A Texas Ranger’s handgun design started us on the path.
- Written by G. Daniel DeWeese
- Published June 12, 2012
The desperate clash between 14 Texas Rangers led by John Coffee Hays and 70 or more Comanches in the Texas Hill Country in June 1844 left 23 Comanches dead on the ground—including their chief, Yellow Wolf—and another 30 wounded.
The Rangers suffered one killed and four wounded. The Battle of Walker Creek lionized the Rangers and established the usefulness of repeating pistols in close combat.
Walker Creek also set the stage for a classic American fashion accessory.
Among the wounded in that battle was a young Ranger named Samuel Walker. On recovery, Walker joined the U.S. Army and met with industrialist Samuel Colt to help persuade the Army to buy Colt’s repeating pistol. During this relationship, Walker suggested changes to the design of the popular Colt Paterson that made the weapon easier and faster to reload. The 1847 single action revolver became known as the Walker Colt. The improvements also increased the weight of the fully-loaded gun to nearly five pounds.

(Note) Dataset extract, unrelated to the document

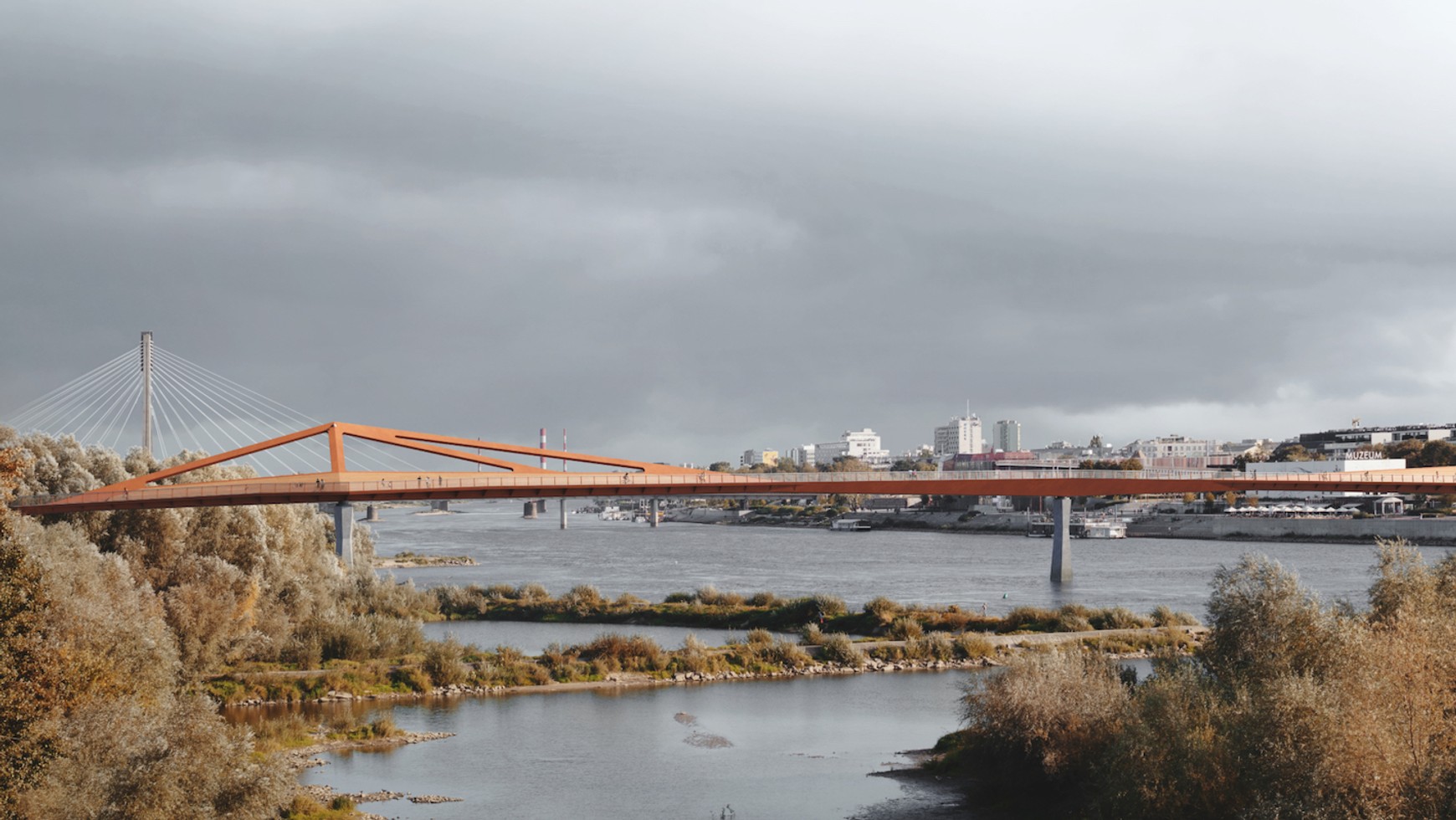 Jak podaje na swoich stronach Zarząd Dróg Miejskich, nowy most będzie liczył ok. 500 m długości. Szerokość konstrukcji wygiętej na kształt błyskawicy (będą tacy, którym to się z pewnością nie spodoba! – przyp. Red.) jest zmienna i w najwęższym punkcie ma 6,9 m, a nad nurtem rzeki rozszerza się do 16,3 m. Ma to być jedna z najdłuższych na świecie przepraw tylko dla pieszych i rowerzystów. Powstanie na wysokości ul. Karowej na lewym brzegu i ul. Okrzei na prawym brzegu. Most stworzy nowe połączenie spacerowe między Bulwarami Wiślanymi, które stanowią efektowne miejsce wypoczynku, odwiedzane tłumnie niemal przez cały rok, a praskim brzegiem Wisły, który jest bardziej naturalny i niezagospodarowany. Dziś te dwa brzegi funkcjonują w zasadzie osobno, bo trudno dostępny dla pieszych most Śląsko-Dąbrowski nie zachęca, by ją przekroczyć. Dzięki nowej przeprawie przejście z jednego na drugi brzeg będzie łatwe i wygodne.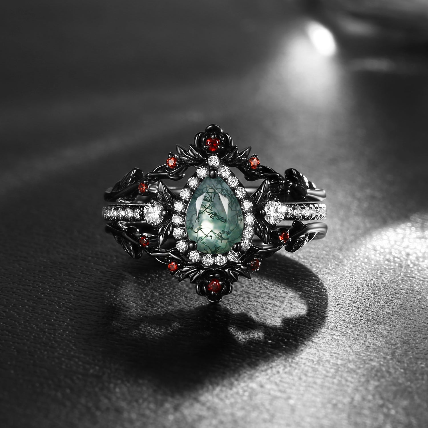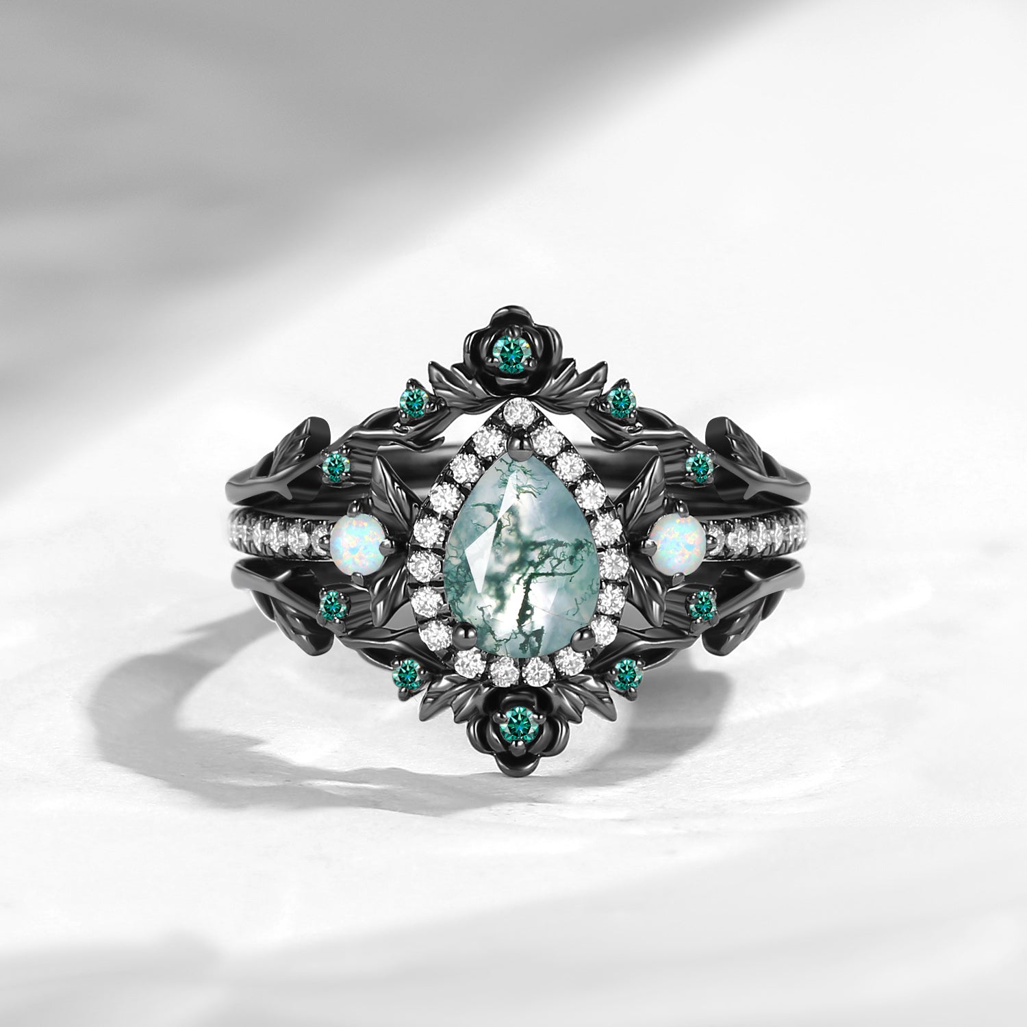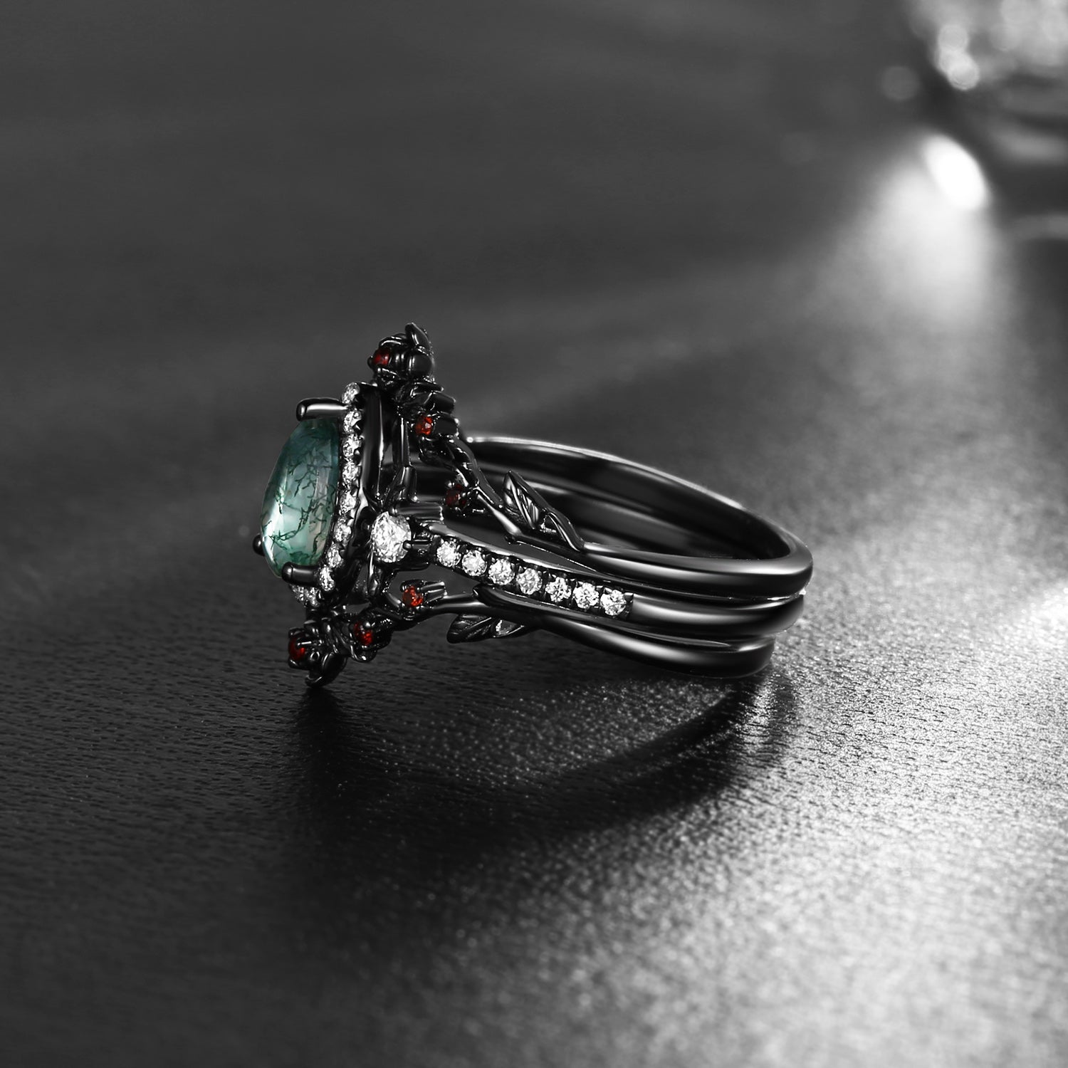 Celtic Moon | Pear Cut Moss Agate Gothic Inspired Snake Engagement Ring Set 2pcs

The six-gun’s heft made impractical the common practice of stuffing a pistol into the waistband of the bearer’s pants, or into a cloth sash tied around the waist or hips meant to secure pistols, knives and other means of self-defense. Belts were not in common use at the time as pants were high-waisted and tightened with a cinch at the back, or supported with suspenders over the wearer’s shoulders. Thus, these Colts were carried in holsters mounted on saddles.
With Colt’s introduction of the roughly half-pound lighter Dragoons the next year, it was natural that someone would light on the idea of crafting a leather scabbard for it because the revolver was light enough to carry on his side without pulling down his pants. Even so, most people stuck their pistols in their waistbands as late as the 1870s.
The gun belts and holsters that came out in the mid-1840s did not have cartridge loops because the guns were all cap and balls. Early cartridge belts in the 1870s-1880s used what came to be known as the Ranger style, with shorter, narrower and more flexible billet straps sewn onto the wider cinch strap (similar to cinch straps on Western saddles). The billets also extended the useful life of the gun belt as the straps were easy to replace when the leather wore out from repeated bending and twisting. This new gun belt became an integral part of the unofficial “uniform” of Texas Rangers and, later on, lawmen, outlaws and other gunslingers throughout the old West—and in Hollywood movies.
The Ranger trouser belt probably did not turn up until the 1920s when the waistlines on men’s pants began to go south and belts became both necessary and fashionable.
Western belts have traditionally been wider and heavier than most fashion belts—and made from saddle leather. The widest belts often feature the same tooling and stamped designs seen on saddles. A saddle maker probably designed the narrower, holster-less version of the Ranger gun belt. That Ranger belt became a classic piece of Americana and the perfect platform for three-piece buckle sets. Today’s popular tapered belt style is likely based on the Ranger belt design.
G. Daniel DeWeese coauthored the book Western Shirts: A Classic American Fashion and has written about Western apparel for more than 25 years. Firearms Editor Phil Spangenberger contributed to this article.